Is the Operator C Hermitian and What are the Eigenfunctions and Eigenvalues?

[Domnu]

Problem
Consider the operator \hat{C} which satisfies the property that \hat{C} \phi (x) = \phi ^ * (x). Is \hat{C} Hermitian? What are the eigenfunctions and eigenvalues of \hat{C}?

Solution
We have

\hat{C} \phi = \phi ^ *
\iff \phi^* \hat{C}^\dagger = \phi

Substituting back into the first equation,
\hat{C} (\phi^* \hat{C}^\dagger) = \phi ^ * = \hat{C} \phi
\iff (\hat{C} \phi)(\hat{C} - I) = 0

Now, we know that \hat{C} \phi \neq 0, since (we assume that) \phi isn't zero... if \hat{C} = 0, then the original property that \hat{C} satisfied couldn't possibly be true. Thus, we have that \hat{C} = I, which is clearly Hermitian.

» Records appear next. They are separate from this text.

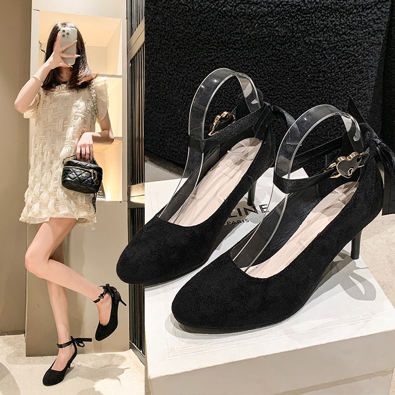 2024春秋の新型クロスバンドの先の細いハイヒールのリボンの蝶結びの気質の愛のロックの靴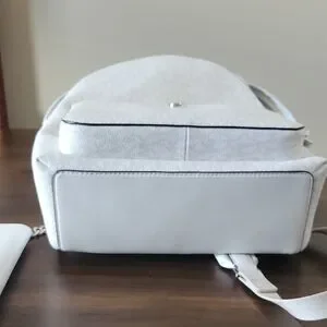 New condition, clean inside and out, no damage. Discover the elegance of the Michael Kors White Backpack, crafted from premium leather with a minimalist design. This sophisticated bag combines modern style with practicality, making it an ideal choice for everyday use. Its sleek silhouette and monochromatic color scheme ensure a timeless appeal.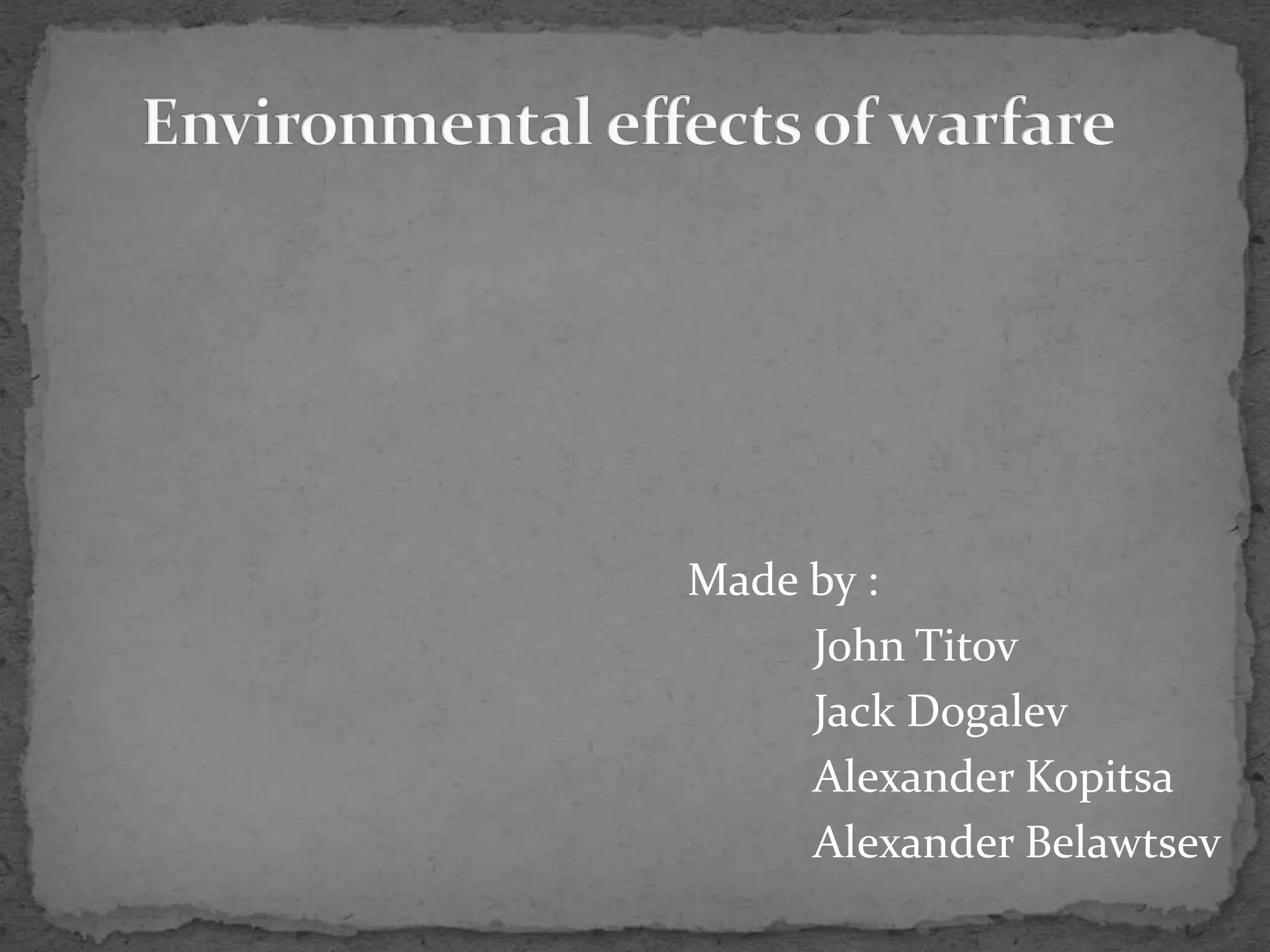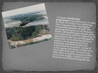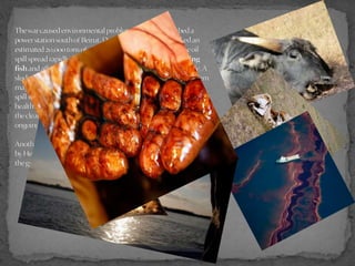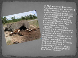 The document discusses the environmental impacts of several wars and conflicts from the 20th and 21st centuries. It describes how the Rwandan civil war in 1994 led to over 2 million refugees, putting pressure on the country's limited resources and destroying gorilla habitats. It also discusses how the Somali civil war encouraged overfishing that was unsustainable and harmed local ecology. The Vietnam War involved extensive bombing and use of toxic Agent Orange that polluted soil, water and vegetation, resulting in health issues for humans and wildlife.

Since \hat{C} is just the identity operator, we know that all functions are the eigenfunctions of \hat{C} and the only eigenvalue of \hat{C} is 1.

Could someone verify that the above is true? It seems too simple =/

 

[Dick]

C is OBVIOUSLY not the identity. It's the complex conjugation operator. It takes a function into it's complex conjugate. The identity takes a function into itself. Are you sure you can't think of any eigenstates of C?? They are pretty easy. Then write down the definition of Hermitian without trying to think of C as a matrix.

 

[Domnu]

C is OBVIOUSLY not the identity. It's the complex conjugation operator. It takes a function into it's complex conjugate. The identity takes a function into itself. Are you sure you can't think of any eigenstates of C?? They are pretty easy. Then write down the definition of Hermitian without trying to think of C as a matrix.

Heh, whoops... I see that all real functions are eigenstates for C. And C is not Hermitian... my calculation messed up in the factorization, which is incorrect. It's not Hermitian, because

\langle a | C b \rangle = \langle a | b^* \rangle = a^* b^*
\langle Ca | b \rangle = \langle a^* | b \rangle = ab

We can see that all forms of e^{i\alpha} are eigenvalues, where \alpha is some real number. This is because

C \phi = p \phi \iff \phi^* = p \phi \iff \phi = p^* \phi^* \iff \phi^* = pp^* \phi^* \iff p^*p = 1 \iff p = e^{i \alpha}

for some \alpha \in \mathbb{R}. Thanks a bunch for the help and motivation to solve the problem!